Yapay zekânın bugün için en üst seviye teknoloji olduğunu hatırlatan Yelkenci, ülke olarak bu alanda öncü olmak istediklerini dile getirdi.
Türkiye Yüzyılı Maarif Modeli ile ilgili bilgiler veren Yelkenci, şunları kaydetti:
"Matematiğin misyonunun artık dünyada değiştiği gibi bizim modelimizde de daha doğru bir yere oturduğunu rahatlıkla söyleyebiliriz. Türkiye Yüzyılı Maarif Modeli'nde veriye dayalı tahmin etme modeli var. Veri analizi, veri madenciliği ve veri işletmeciliği gibi beceriler ile algoritmik düşünme becerisi var. Bunlar zaten yapay zekâyı üreten beceriler. Dolayısıyla bunu uygulamaya yönelik bu şekilde hedef alabiliyorsanız yapay zekâdan istifade edebiliyorsunuz demektir."

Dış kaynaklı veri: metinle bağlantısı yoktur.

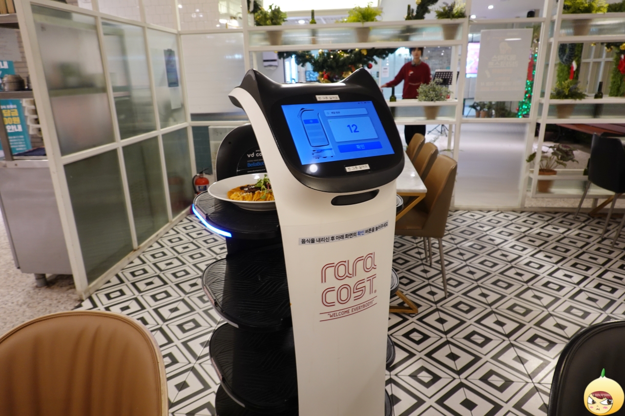 직원이 있긴 하지만, 음식은 서빙로봇이 가져다 준다. 음식을 옮길 손이 없으니, 도착하면 직접 가져와야 한다. 그리고 확인을 터치해야 원래 자리로 돌아간다. 멋모르고 확인을 먼저 눌렀다가, 쌩하고 갈 수 있으니 조심해야 한다.

Türkiye'nin dijital teknoloji oryantasyonuna ihtiyacı olduğuna işaret eden Yelkenci, bunu da en iyi öğretmenlerin yapabileceğini vurguladı.

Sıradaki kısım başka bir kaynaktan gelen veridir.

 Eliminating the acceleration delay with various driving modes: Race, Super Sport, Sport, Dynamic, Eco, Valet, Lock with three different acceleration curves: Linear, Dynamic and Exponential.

Öğrenme stilleri arasında görselin dijital devrimle öne çıktığını ve bunun ciddi zafiyetler yaşattığını dile getiren Yelkenci, konuşmasına şöyle devam etti:
"Görselin, dijital platformlar üzerinden krallığını ilan ettiğini görüyoruz. Ciddi anlamda bir görsel saltanatı var. Çocuklarımız artık her şeyi görsel öğrenme stilleriyle öğreniyor. Bu diğer tarafları zayıflatan görseli güçlendiren bir durum. Bu anlamda bilgi, idrak, anlam ve gerçeklik konularında ciddi zafiyetler yaşanıyor. İdrak bozulması yaşanıyor. İdrakin bir meseleyi bilgiden, algıdan içselleştirmeye kadar giden süreçler olarak aldığımızda, sadece görsel üzerinden oluşan bir idrakin olmasını gözlemliyoruz. Oyunlarda adam öldürmek çok kolay, akan kanın sıcaklığını, öldürülen kişinin acısını hissetmiyorsunuz, bu bir idrak bozulmasıdır işte. Okul öncesi çağındaki çocuklar, arkadaşlarını zalimce dövüyorlar ve bunu biz bilgisayar oyunundaki gibi oyun oynuyorduk diye açıklıyorlar. Öğretmenlerin siber ve cinsel zorbalığa karşı öğrencilerin psikolojilerini, maneviyatlarını güçlü tutmak için adımlar atması gerekiyor. Biz önce kendimizi inşa edeceğiz, sonra öğrencilere faydalı olacağız. Öğrencilere, bu hayatın anlamı ve amacı olduğunu, özgürlüklerini korumayı, hayatlarını nasıl yöneteceklerini öğreteceğiz."
Yelkenci, MEB Ortaöğretim Genel Müdürlüğünün yapay zekâ destekli, öğrenme izlenimini takip eden bir programın tanıtımının da gelecek günlerde açıklanacağını söyledi.